If knowledge is power, why would anyone want to share it?

Knowledge is indeed a source of power; but hoarding knowledge is not necessarily the best way to benefit from its power, especially in the context of communities of practice.

Generalized reciprocity. In a community of practice, sharing knowledge is neither one-way nor merely a transaction. It is a mutual engagement in learning among peers. An improved practice benefits the whole community. Even experts benefit from having more knowledgeable colleagues. Contributing one’s knowledge is an investment in the stock of the community. In this context, the distinction between self-interest and generosity is not so clear.

Reputation platform. A community of practice acts as a platform for building a reputation. It is a long-term interaction through which people get to know each other. Peers are in a position to appreciate the significance of each other’s contributions in ways that make their recognition meaningful. And because communities of practice usually cut across formal structures, reputation can extend beyond one’s unit. As one engineer put it: “The advantage of my community is that it allows me to build a reputation beyond my team.”

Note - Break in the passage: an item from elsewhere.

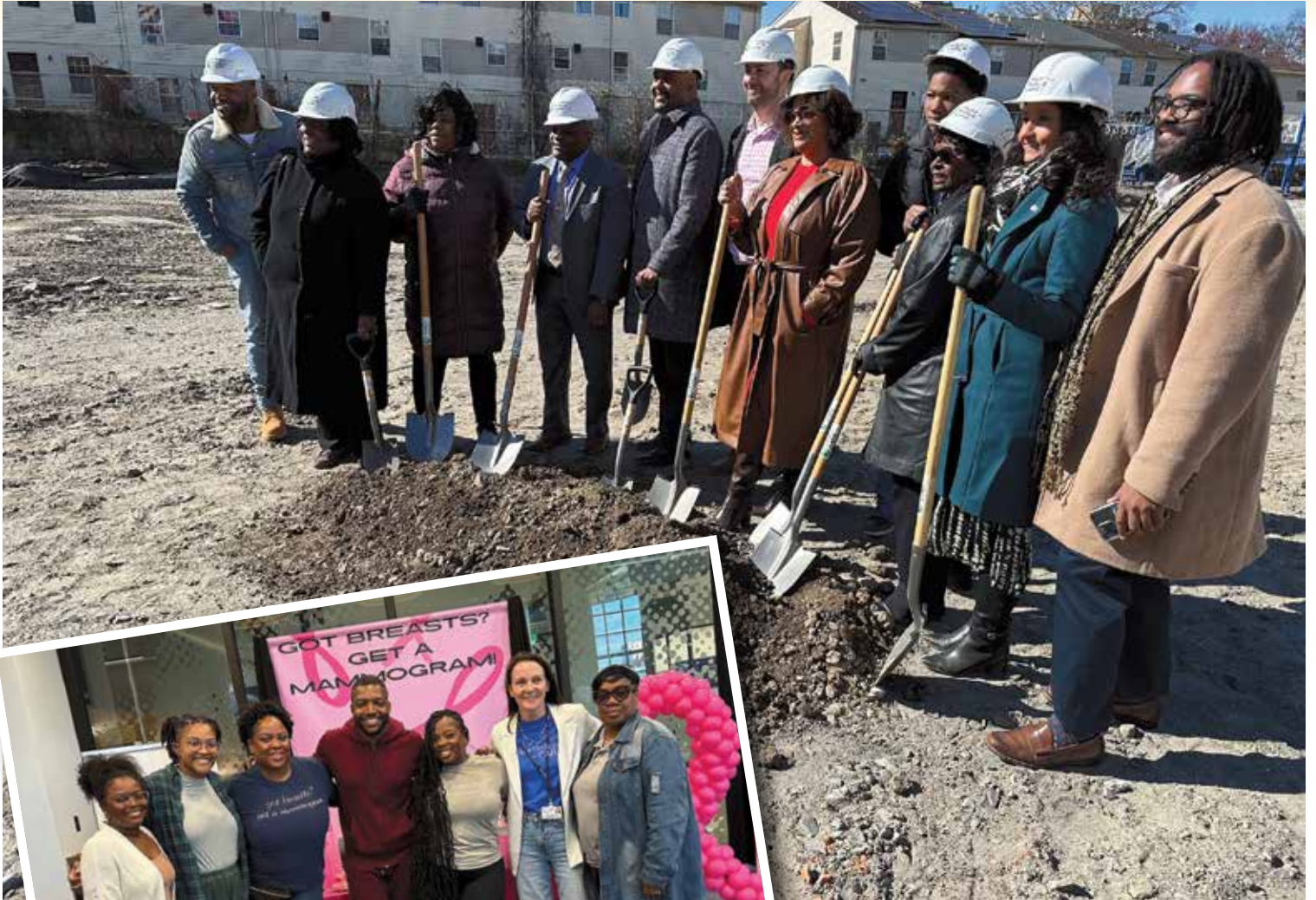
Above: Groundbreaking at Alaine Locke School's new playground.

With reciprocity and reputation combined, sharing becomes a major vehicle for realizing the power of knowledge. But it is often important that this process extend beyond the community and become an aspect of the integration of communities in organizations. This calls for mechanisms to translate community contributions and reputation among peers into organizational recognition, such as a rubric in performance appraisal for community contributions and career paths for people who take on community leadership.